La llamada no provoco ninguna respuesta, cosa que hizo que el joven oficial se preocupara un poco mas por la anciana que vivía allí. Había escuchado reportes de inusuales sucesos ocurridos en las casas que se encontraban fuera del pueblo, sin embargo la repentina desaparición del nieto de la señora Pomery, Anthony hizo que el joven oficial prestara mas atención a los rumores que estaban poblando su ciudad.

- ¿Señora Pomery, se encuentra ahí? – repitió el oficial esta vez ingresando a la casa con un
especial cuidado.
- Adelante, Andrés, pasa a la cocina directamente – dijo una voz la cual no era de la señora
Pomery y la cual el oficial parecía reconocer.

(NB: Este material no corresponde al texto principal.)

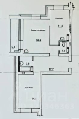 Площадь: общая — 59,8 м², жилая — просторные комнаты по 11 и 14 м² + совмещённая кухня-гостиная — 16,4 м²
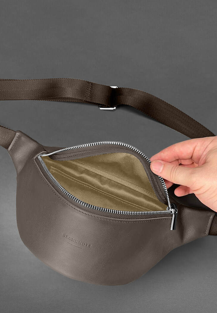 Шкіряна поясна сумка-бананка Kanny темно-бежева картинка, зображення, фото
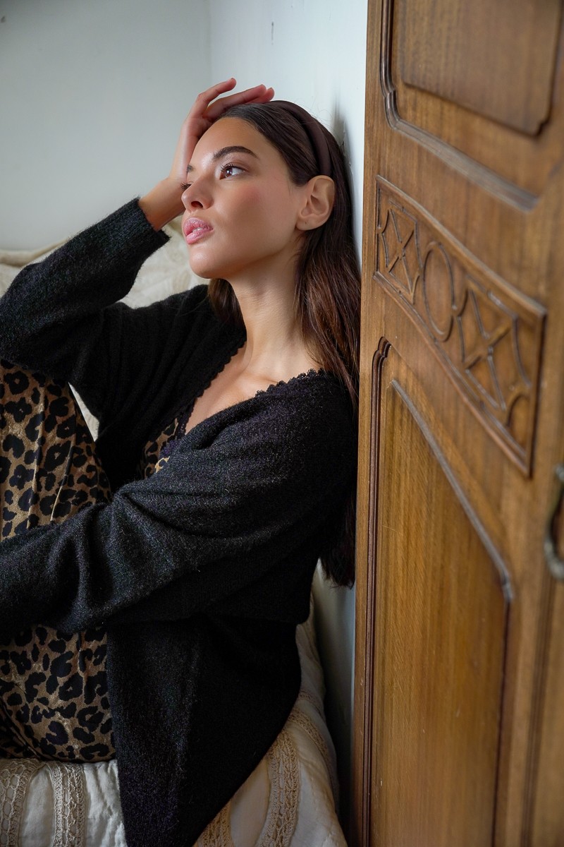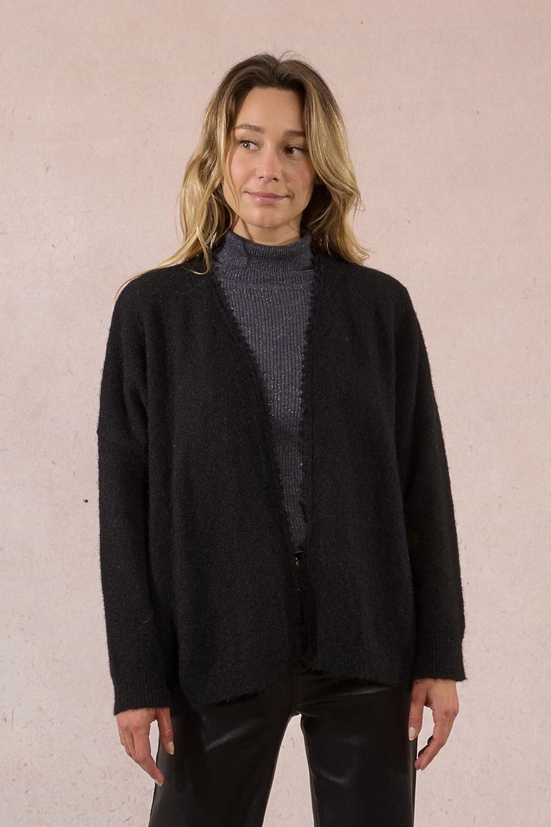 Cárdigan de manga larga, corte amplio, con detalles bordados en los extremos. Modelo sin cierre frontal.
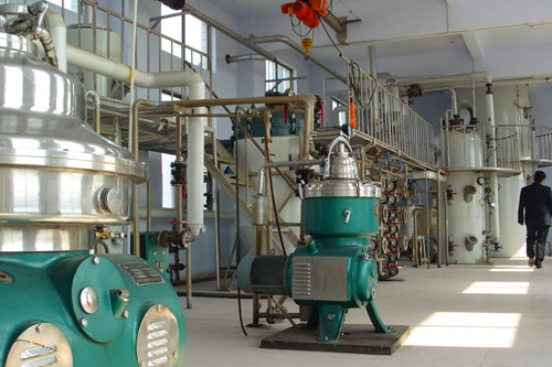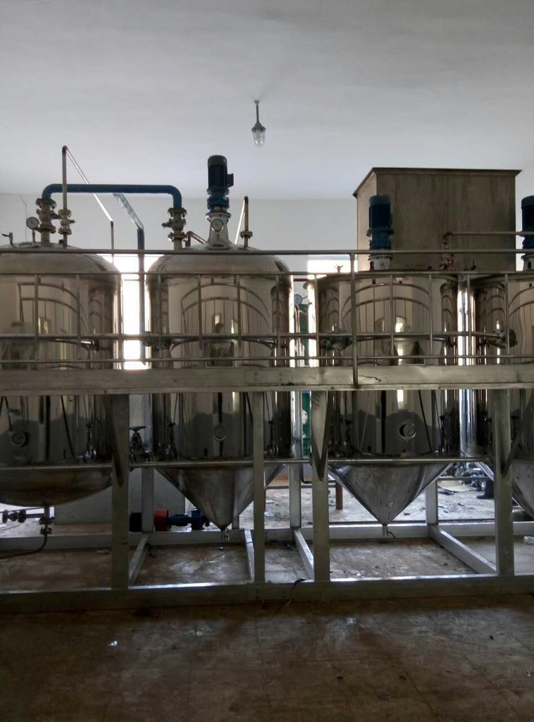河南省中科集团科隆机械有限公司是属与国贸部机械设计研究院。本院是粮油加工机械工艺设计和研发科技产品的专业机构。以设计院为依托现开发的环保型FAQB系列一级食用油加工精炼设备.也可根据用户需求本机也可精炼色拉油丶高烹油丶调合油等等。植物毛油压榨油或浸出油的生产的油总称毛油,毛油含有对消费者有害的物质。这些物质有些是自然存在的,有些是在生产或储存过程中产生的,对人们消费而言.因而能被沉析或离心分离。除去游离酸后,中和还不能完成,因为本阶段还须去除非水化磷脂。另外它还要降低金属离子以及色素等次要组份的数量 脱色工艺用合适的吸附材料除去色素如胡萝卜素、叶绿素等。脱色已成为一个更为重要的工艺,这是脱臭前,除去残留的磷脂、金属离子以及氧化物的一关,去除其它杂质也是重要的,因为它可直接影响到脱臭油的感官风味与氧化特性。 脱臭在大多数情况下,脱臭是精炼的一步,它的主要目的去除影响油的气味、滋味的物质,在物理精炼中,还可以去除游离酸。保证油与水蒸汽的充分接触,取得预想的效果。可连续、半连续或间歇式匀可。一般来说,脱臭的三个步骤如下,根据毛油的品种可采用其中的几步或全部工艺。脱胶是精炼关键丶脱胶工艺仅包含由毛油的水化,磷脂、胶质与蛋白质在无水时溶解在油中,一旦水化**不能溶于油,这**是水化脱胶的原理,然而,水化后仍有部分胶质在油中,这**需要对其酸化处理来除去。总体来说,榨油厂比精炼厂更多地用到水化脱胶,只有很小油脚在中间贮罐里积淀。脱胶后的水相可以在粕的蒸脱中再利用,而磷脂具有商业价值,可以分别干燥。碱炼中和此操作是用烧碱中和油中的游离脂肪酸,使之皂化. 游离酸皂化后**不再溶于水.公司负责免费安装试车,技朮培训,保修,保换,保退,负责,终身跟综服务。
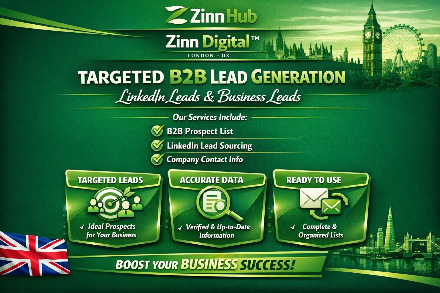 Our team, based in London, England, utilises LinkedIn Sales Navigator, professional networking sites, and popular directory platforms such as ZoomInfo, CrunchBase, Apollo, Yelp, and Yellow Pages to compile your targeted B2B lead generation lists.
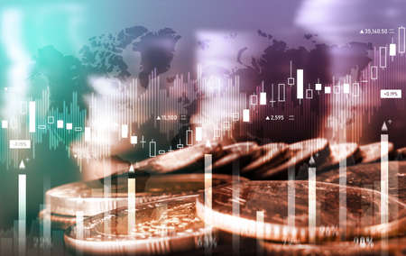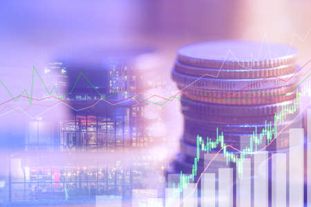 Financial investment concept, Double exposure of stack of coins and city for finance investor, Forex trading market candlestick chart, Cryptocurrency Digital economy. investing growing.economy trends
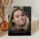 Ce panneau d'accueil personnalisé de fête de 21e anniversaire comprend la photo, le nom et l'anniversaire personnalisés de l'invité d'honneur, ainsi que le mot "bienvenue" dans un élégant script de calligraphie couleur or. Un écran sombre permet de faire apparaître le texte. Un excellent moyen de célébrer quelqu'un qui a 21 ans !
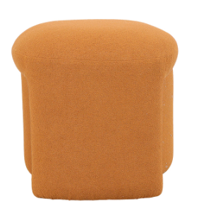 Puff em forma de “U” invertido estofado em tecido bouclé.
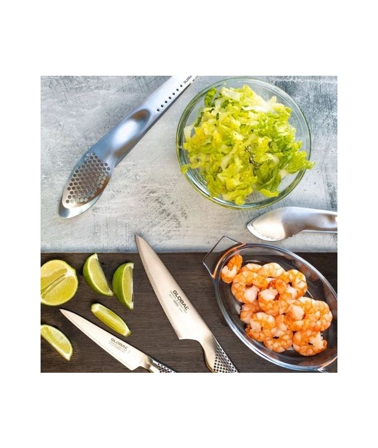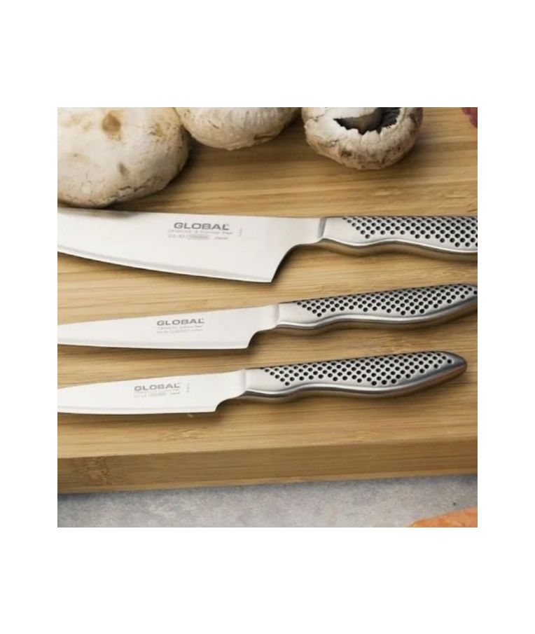 GLOBAL GS-38 – tai itin praktiškas, mažo formato peilis su 9 cm ilgio ašmenimis, skirtas tiksliems darbams virtuvėje. Šis modelis yra tuščiavidurės rankenos alternatyva GSF-15 peiliui ir dažnai sutinkamas naujesniuose rinkiniuose. Ergonomiškos formos tuščiavidurė rankena užtikrina patogų laikymą ir gerą kontrolę dirbant. Lygūs ašmenys puikiai tinka vaisių ir daržovių lupimui, sėklų išėmimui bei kitiems darbams, kuriems reikalingas ypatingas tikslumas.

El joven oficial desenfundo nervioso su arma caminando a paso lento mientras examinaba el lugar con la esperanza de hallar alguna pista que revelara aquellas extrañas desapariciones y los rumores sobre cultos antiguos resurgiendo en aquel pueblo tan tranquilo como era el suyo.
Los pasos del oficial hacían que la madera rechinara de una forma que parecían quejidos humanos o por lo menos eso pensaba Andrés con cada paso mas cerca de la cocina. Al detenerse a unos centímetros de la cocina observo una sombra delgada y pequeña caminando por el lugar sosteniendo algún objeto sin forma, escurriéndolos y riendo; aquella risa se le hizo conocida, aquella invitación a pasar y la risa le recordaba al joven Anthony el cual había desaparecido hace ya dos semanas. El oficial dio un suspiro de alivio e ingreso a la cocina esperando encontrarse con el joven haciendo alguna travesura, sin embargo no encontró a nadie en aquel lugar. La cocina parecía vacía, como si nadie la hubiera ocupado en varios días, incluso una ligera capa de polvo revelaba aquella suposición.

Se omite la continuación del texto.